Am sitting here sipping invisible kool aid yuuuuummmmiiiee , happy as a pig in mud!


----------



## [email protected] (May 10, 2004)

oh chico you are just so much like your daddy - we miss you!!


----------



## <3 Sarah <3 (Nov 1, 2005)

I CANNOT BELIEVE I JUST SAW THIS! 
Chi is just soooo cute, i love him!  i love the bag & outfits! 

i'm still planning to come and steal him by the way!  lol!!


----------



## Guest (Feb 15, 2008)

[email protected] said:


> oh chico you are just so much like your daddy - we miss you!!



awww bless.
It must be hard to see your puppies go.
Roo ROo can always come live with us ya knkow


----------



## Guest (Feb 15, 2008)

oh and sarah you cant have him!

We have cctv and intruder alarms here so we'd know you were coming lol


----------



## Blazer (Feb 8, 2008)

I LOVE that plaid coat! and that purse is really nice its my favorite color.


----------



## <3 Sarah <3 (Nov 1, 2005)

IWAC said:


> oh and sarah you cant have him!
> 
> We have cctv and intruder alarms here so we'd know you were coming lol


oh no, there's that plan down the drain!! :lol:

well. i can still admire him atleast


----------



## Guest (Feb 16, 2008)

well i might let you borrow him lol. I bet he'd love to run about with max


----------



## Kobe's Momma (Feb 16, 2008)

Alright whats your price for Chico?!?! ;-) I am in love with him! He is so adorable!!


----------



## Guest (Feb 24, 2008)

PRICE 

NO amount of money would make me give up my baby. I am seriously smitten with him. Wouldnt give him up for the world!!!

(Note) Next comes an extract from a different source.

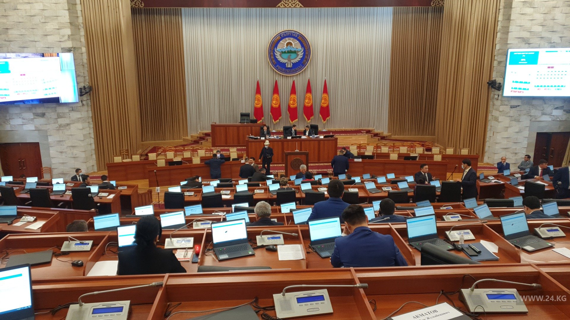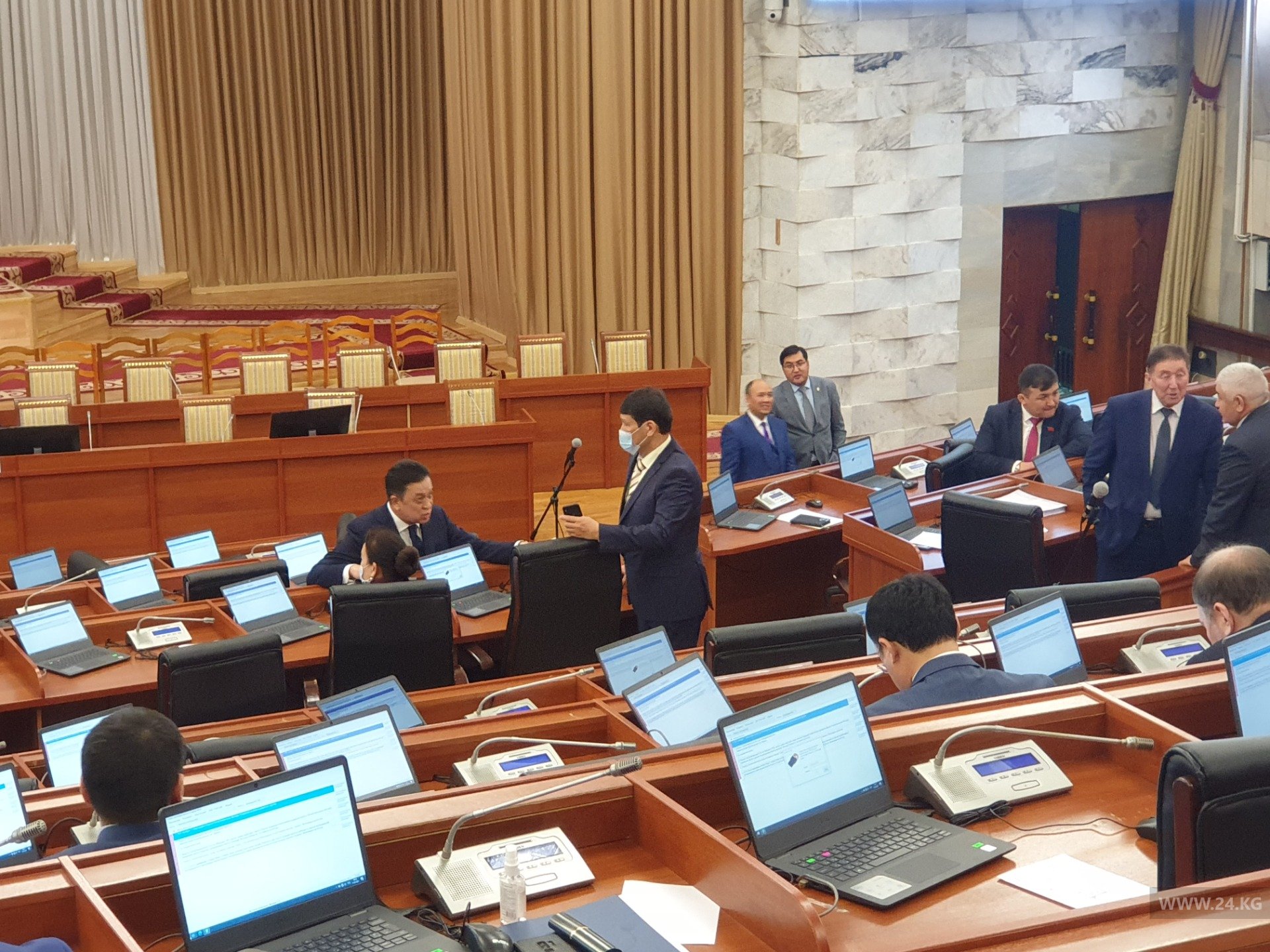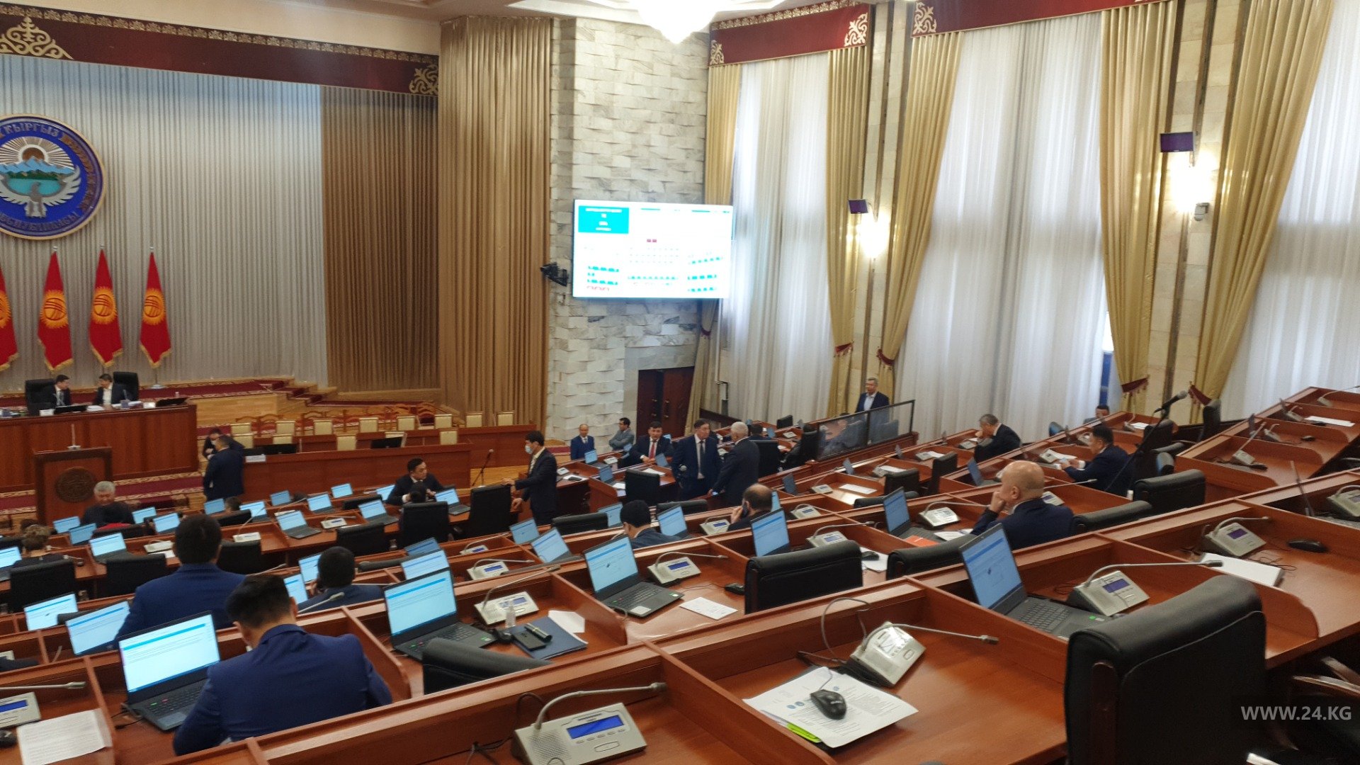 Табло показало, что зарегистрировалось 77 депутатов, однако фактически в зале заседаний Жогорку Кенеша присутствует всего 45 нардепов.
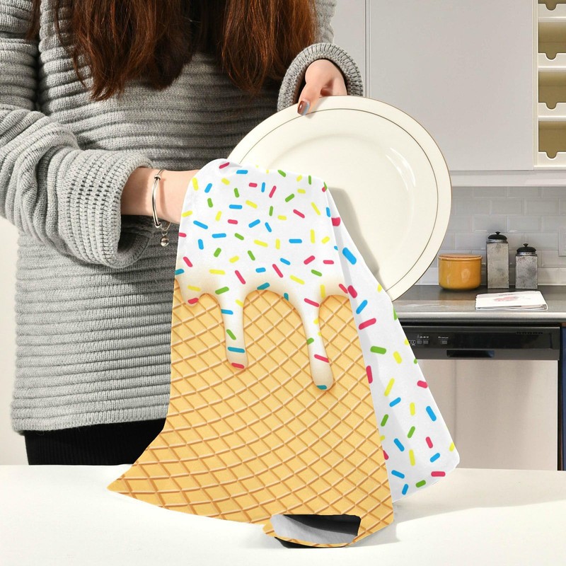 YETTASBIN Ice Cream Cone Kitchen Dish Towel 4 Pack, Soft Absorbent Dishcloths Reusable Hand Towel Washable Tea Towels for Home Kitchen Bar Table Decor, 28 x 18 Inch

He's so spoilt, but such a little darling lol


----------



## Becca_n_Mika (Jan 24, 2008)

All i can say is awwwwwwwwwwwwwwwwwwwwwwwwwwww hes just 2 cute we luv him soooooooooooooo much. I'm so going 2 spoil my mika just like u lol. 
& can u post the add 4 the store that u got the clothes from i want some!!!!


----------



## Prosephone (Oct 2, 2005)

hehe it is my store!

www.LittleDogbarktique.com


----------



## Becca_n_Mika (Jan 24, 2008)

Thanks i will be having a good look around ur store do u post 2 the uk?


----------



## Guest (Feb 26, 2008)

yeah she posts here, I live in the uk>


NO buying the little burgundy handbag carrier, i wanna be the only one in the uk with one lol


----------



## Trace (Feb 20, 2008)

Aww, chico is such a gorgeous little boy!!! Dia has a crush on him.. lol But I know he's not into the long distance thing.. she will just have to admire him from afar! 

so cute! :love5:


----------